## WORK REQUEST
Every line that holds the word "front" needs to be copied from the data below.

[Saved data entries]
::::::::
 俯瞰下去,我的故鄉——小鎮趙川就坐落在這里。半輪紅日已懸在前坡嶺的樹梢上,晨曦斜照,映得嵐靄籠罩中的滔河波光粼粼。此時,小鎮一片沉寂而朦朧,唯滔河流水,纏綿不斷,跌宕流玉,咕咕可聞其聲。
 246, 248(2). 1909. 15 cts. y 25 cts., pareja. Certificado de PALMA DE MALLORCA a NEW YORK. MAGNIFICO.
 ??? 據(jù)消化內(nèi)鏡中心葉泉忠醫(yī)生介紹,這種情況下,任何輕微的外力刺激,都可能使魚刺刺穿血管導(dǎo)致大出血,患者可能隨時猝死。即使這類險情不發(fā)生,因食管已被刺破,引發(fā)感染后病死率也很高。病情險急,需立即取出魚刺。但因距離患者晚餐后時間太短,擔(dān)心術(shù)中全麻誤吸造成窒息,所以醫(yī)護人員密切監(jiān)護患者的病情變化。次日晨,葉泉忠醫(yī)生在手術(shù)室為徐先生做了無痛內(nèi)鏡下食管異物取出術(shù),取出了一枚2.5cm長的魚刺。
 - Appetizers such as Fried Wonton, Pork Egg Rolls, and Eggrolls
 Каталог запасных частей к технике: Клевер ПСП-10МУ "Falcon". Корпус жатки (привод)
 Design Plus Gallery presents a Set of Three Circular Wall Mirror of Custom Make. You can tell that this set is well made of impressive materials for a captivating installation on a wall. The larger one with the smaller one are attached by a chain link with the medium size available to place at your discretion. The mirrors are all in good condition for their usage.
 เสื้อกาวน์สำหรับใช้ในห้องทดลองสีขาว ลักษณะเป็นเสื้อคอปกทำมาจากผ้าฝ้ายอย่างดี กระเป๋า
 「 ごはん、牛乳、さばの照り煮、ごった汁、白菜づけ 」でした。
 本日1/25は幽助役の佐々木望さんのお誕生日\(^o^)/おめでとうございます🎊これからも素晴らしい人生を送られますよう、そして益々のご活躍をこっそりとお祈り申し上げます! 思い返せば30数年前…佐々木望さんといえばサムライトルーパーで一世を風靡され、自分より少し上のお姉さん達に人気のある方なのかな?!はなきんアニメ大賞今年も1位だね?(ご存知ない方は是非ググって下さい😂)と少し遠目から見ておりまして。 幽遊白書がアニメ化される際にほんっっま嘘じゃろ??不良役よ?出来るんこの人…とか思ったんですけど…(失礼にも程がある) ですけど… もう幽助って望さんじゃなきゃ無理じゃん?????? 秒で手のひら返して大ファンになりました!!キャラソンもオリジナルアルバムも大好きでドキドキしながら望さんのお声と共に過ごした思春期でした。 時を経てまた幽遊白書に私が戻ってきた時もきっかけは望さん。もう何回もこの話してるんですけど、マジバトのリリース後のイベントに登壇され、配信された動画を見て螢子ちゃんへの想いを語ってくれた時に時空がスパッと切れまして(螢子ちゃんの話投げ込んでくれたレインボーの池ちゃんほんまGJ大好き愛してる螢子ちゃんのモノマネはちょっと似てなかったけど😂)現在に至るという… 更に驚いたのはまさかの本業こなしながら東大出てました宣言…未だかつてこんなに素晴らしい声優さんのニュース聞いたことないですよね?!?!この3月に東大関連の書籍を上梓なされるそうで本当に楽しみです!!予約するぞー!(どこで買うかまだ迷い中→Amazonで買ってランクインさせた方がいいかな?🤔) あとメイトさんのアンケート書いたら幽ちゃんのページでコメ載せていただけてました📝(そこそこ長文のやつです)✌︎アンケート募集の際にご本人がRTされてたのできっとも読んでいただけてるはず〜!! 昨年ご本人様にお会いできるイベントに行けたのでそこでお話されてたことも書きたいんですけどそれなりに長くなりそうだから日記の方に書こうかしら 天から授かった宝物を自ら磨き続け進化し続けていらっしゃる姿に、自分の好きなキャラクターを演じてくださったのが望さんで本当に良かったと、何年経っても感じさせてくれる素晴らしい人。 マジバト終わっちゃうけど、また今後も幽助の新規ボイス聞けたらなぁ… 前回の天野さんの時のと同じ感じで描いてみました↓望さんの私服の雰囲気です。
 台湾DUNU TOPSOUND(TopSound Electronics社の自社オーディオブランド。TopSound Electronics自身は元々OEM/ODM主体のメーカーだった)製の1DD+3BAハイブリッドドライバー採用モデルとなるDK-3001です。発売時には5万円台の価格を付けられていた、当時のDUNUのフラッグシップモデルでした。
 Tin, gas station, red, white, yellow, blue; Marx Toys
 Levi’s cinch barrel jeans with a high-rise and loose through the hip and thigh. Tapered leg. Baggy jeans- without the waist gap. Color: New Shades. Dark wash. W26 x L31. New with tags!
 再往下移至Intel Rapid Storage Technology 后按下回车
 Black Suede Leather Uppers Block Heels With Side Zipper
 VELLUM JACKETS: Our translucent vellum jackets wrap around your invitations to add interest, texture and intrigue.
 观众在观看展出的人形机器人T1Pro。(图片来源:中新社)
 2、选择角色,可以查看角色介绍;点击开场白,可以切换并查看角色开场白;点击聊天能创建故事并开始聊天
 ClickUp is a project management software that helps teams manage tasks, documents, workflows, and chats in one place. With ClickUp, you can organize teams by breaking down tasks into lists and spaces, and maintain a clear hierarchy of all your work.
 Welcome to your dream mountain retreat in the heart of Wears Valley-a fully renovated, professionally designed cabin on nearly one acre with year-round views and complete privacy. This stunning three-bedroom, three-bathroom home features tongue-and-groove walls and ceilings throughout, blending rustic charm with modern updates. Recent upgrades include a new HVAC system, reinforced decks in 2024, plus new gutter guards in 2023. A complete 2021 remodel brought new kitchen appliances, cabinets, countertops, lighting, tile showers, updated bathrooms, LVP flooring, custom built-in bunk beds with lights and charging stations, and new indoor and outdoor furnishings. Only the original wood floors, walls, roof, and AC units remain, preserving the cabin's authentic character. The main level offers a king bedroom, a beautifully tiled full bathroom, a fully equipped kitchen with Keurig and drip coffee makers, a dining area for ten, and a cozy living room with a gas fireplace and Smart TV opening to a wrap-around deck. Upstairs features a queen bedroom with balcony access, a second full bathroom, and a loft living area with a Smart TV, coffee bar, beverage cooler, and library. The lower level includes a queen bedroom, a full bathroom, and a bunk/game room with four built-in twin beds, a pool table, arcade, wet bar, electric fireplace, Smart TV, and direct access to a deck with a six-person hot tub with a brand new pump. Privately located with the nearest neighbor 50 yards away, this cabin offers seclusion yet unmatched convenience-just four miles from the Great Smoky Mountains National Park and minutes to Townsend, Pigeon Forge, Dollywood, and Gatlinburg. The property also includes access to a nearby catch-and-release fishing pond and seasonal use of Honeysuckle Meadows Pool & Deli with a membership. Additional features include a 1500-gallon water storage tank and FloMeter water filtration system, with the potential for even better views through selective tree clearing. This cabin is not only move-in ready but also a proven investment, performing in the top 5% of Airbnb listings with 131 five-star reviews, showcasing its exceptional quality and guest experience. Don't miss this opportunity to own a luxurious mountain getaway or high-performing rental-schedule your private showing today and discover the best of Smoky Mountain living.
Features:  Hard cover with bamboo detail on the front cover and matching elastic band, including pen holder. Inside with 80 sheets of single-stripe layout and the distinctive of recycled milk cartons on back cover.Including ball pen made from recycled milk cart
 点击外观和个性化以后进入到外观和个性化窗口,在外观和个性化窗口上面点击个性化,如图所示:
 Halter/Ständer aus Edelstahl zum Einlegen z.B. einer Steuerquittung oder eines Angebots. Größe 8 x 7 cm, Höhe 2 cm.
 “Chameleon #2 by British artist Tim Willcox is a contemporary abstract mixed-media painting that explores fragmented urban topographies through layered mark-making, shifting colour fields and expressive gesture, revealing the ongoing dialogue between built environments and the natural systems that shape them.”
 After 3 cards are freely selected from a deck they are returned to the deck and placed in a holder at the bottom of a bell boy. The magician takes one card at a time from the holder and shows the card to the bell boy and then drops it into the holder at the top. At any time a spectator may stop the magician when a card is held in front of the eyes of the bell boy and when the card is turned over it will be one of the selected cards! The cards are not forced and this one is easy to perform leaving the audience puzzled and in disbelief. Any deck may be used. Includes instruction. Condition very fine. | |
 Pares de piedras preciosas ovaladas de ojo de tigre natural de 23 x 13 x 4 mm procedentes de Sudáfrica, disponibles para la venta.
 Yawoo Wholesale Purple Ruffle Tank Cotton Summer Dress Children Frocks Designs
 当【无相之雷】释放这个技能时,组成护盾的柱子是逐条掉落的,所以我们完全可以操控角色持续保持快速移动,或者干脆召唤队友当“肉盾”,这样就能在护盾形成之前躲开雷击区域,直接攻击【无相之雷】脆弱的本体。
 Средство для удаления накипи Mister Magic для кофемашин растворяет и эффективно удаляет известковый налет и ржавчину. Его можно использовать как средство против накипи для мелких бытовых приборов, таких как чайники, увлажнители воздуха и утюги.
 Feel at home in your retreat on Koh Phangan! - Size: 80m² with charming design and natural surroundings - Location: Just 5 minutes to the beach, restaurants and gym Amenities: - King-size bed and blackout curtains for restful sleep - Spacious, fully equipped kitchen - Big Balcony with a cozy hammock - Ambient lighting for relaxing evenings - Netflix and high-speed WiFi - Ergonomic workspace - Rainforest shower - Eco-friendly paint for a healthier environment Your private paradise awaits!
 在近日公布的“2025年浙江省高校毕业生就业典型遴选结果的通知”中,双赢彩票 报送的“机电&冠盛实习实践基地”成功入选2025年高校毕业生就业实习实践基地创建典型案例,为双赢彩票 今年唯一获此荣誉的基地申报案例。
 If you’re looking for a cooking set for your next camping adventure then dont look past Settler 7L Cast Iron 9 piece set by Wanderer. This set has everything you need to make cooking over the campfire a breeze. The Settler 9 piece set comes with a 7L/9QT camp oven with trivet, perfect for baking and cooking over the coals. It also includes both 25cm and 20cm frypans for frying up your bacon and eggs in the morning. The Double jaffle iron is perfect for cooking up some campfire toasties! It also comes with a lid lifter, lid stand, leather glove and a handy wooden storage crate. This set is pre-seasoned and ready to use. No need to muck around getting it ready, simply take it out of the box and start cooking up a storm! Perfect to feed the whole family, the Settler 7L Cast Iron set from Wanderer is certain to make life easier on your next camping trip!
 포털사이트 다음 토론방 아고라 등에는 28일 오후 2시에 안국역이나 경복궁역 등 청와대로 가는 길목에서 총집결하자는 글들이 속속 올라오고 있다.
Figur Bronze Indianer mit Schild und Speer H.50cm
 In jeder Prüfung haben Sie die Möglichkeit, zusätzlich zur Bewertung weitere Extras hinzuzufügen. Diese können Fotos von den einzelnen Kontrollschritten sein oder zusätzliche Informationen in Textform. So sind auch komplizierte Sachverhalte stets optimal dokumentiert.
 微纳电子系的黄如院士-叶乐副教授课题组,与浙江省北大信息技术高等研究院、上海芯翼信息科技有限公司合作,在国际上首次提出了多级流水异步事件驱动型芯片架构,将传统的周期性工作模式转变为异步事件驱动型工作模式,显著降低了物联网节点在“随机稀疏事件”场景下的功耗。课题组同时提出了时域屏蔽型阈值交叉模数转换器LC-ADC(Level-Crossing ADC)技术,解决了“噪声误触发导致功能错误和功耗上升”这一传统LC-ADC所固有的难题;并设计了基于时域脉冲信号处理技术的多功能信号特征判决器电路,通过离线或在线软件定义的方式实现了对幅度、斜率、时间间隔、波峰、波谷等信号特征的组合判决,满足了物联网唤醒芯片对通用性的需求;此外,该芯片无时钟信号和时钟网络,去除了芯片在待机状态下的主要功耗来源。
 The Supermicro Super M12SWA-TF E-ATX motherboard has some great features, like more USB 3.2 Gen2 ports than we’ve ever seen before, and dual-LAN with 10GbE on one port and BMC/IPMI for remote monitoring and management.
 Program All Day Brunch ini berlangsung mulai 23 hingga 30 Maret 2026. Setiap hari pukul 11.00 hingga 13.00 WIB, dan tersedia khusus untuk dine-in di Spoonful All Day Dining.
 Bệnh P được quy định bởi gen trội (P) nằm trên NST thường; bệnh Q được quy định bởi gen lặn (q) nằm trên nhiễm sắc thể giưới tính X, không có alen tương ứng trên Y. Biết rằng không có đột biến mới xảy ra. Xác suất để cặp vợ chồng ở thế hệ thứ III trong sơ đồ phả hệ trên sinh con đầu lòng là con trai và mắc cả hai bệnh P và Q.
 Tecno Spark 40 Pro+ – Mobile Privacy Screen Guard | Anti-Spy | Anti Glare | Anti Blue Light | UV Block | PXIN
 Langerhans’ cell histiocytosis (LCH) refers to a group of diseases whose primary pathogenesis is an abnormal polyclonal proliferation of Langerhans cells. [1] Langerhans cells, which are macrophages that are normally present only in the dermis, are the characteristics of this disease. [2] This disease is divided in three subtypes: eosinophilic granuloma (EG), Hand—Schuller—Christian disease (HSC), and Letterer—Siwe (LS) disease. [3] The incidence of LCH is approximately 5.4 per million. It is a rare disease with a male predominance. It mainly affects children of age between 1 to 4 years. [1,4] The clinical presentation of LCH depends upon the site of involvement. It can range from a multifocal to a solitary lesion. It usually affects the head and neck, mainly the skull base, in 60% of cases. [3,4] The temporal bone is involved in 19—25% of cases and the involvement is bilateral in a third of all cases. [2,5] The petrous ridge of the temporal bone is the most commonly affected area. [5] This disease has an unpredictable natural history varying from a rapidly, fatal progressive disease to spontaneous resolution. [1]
::::::::
## ANSWER BELOW
Features:  Hard cover with bamboo detail on the front cover and matching elastic band, including pen holder. Inside with 80 sheets of single-stripe layout and the distinctive of recycled milk cartons on back cover.Including ball pen made from recycled milk cart
 After 3 cards are freely selected from a deck they are returned to the deck and placed in a holder at the bottom of a bell boy. The magician takes one card at a time from the holder and shows the card to the bell boy and then drops it into the holder at the top. At any time a spectator may stop the magician when a card is held in front of the eyes of the bell boy and when the card is turned over it will be one of the selected cards! The cards are not forced and this one is easy to perform leaving the audience puzzled and in disbelief. Any deck may be used. Includes instruction. Condition very fine. | |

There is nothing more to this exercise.